Duże zmiany u Sebastiana Ułamka. Wymieni prawie wszystko

WP SportoweFakty / Oliwer Kubus / Sebastian Ułamek (w żółtym kasku)
WP SportoweFakty / Oliwer Kubus / Sebastian Ułamek (w żółtym kasku)

Sebastian Ułamek zdecydował się zostać we Włókniarzu i będzie startować z tym klubem w PGE Ekstralidze. Jak zapowiada jego menedżer, baza sprzętowa ulegnie niemal całkowitej wymianie. - To będą silniki na najwyższą klasę rozgrywek - mówi.

41-letni żużlowiec ścigał się w ostatnich sezonach w Nice Polskiej Lidze Żużlowej. Teraz wraca jednak do PGE Ekstraligi. Jego menedżer, Robert Jabłoński zaznacza, że Sebastian Ułamek podchodzi do tego wyzwania bardzo poważnie. Widać to choćby po ruchach sprzętowych.

- Już wcześniej postanowiliśmy, że te zmiany będą duże. Sebastian wymienia silniki i niemal wszystkie będą nowe. Z tego co wiem, zostawi sobie tylko ten, który najlepiej sprawdzał się na częstochowskim torze. Wiadomo, że najwyższa klasa rozgrywek to inna bajka niż Nice PLŻ, więc takie zmiany są konieczne. Temu wszystko jest podporządkowane - zdradza menedżer zawodnika.

Ułamek uzyskał w poprzednim sezonie czołową średnią biegopunktową na zapleczu Ekstraligi (2,129). Jego ostatnia przygoda z najwyższą klasą rozgrywek nie była jednak zbyt udana. W 2013 roku w barwach Startu Gniezno uzyskał średnią 1,597. Cały team zawodnika pozostaje jednak dobrej myśli.

- Inwestujemy w nowy sprzęt, zakładając, że w trakcie sezonu nam się to zwróci. Nie wszystkie elementy zostały już zamówione, ale mamy dopiero początek stycznia. Do marca, gdy rozpoczną się sparingi, baza sprzętowa będzie w pełni gotowa. Liczymy, że zaowocuje to dobrym wynikiem w trakcie sezonu - dodaje Jabłoński.

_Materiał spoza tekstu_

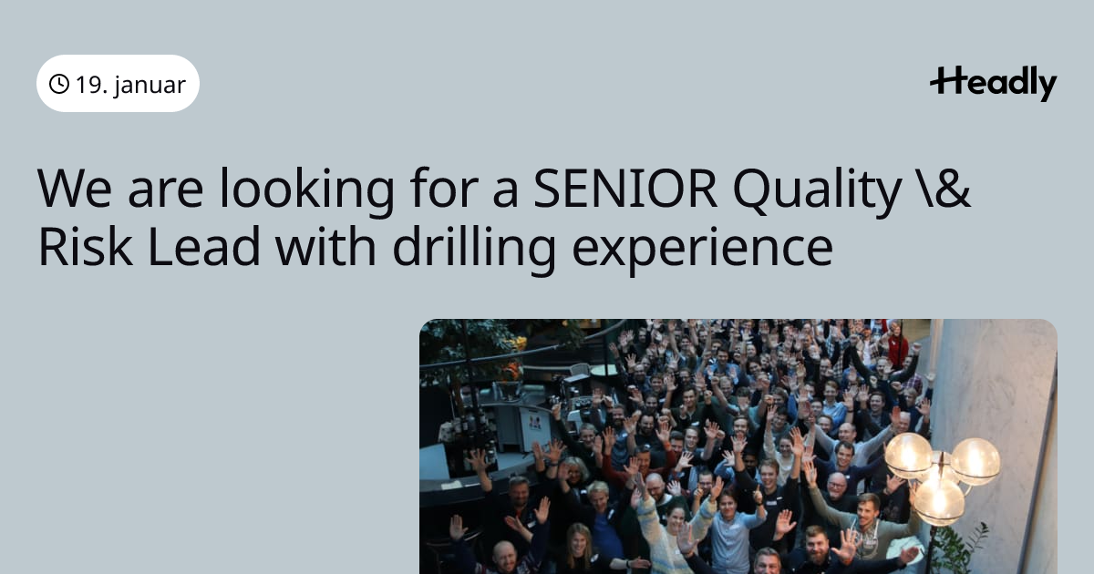 We are looking for a SENIOR Quality \& Risk Lead with drilling experience

Jeśli chodzi o przygotowania fizyczne do rozgrywek, te nie uległy większym zmianom. -  Sebastian trenuje pod okiem Piotrka Ruszela, który zajmuje się tez innymi zawodnikami związanymi z Częstochową. Prócz tego planowany jest obóz kondycyjny z drużyną, więc na pewno nie będzie się nudzić - kwituje menedżer zawodnika.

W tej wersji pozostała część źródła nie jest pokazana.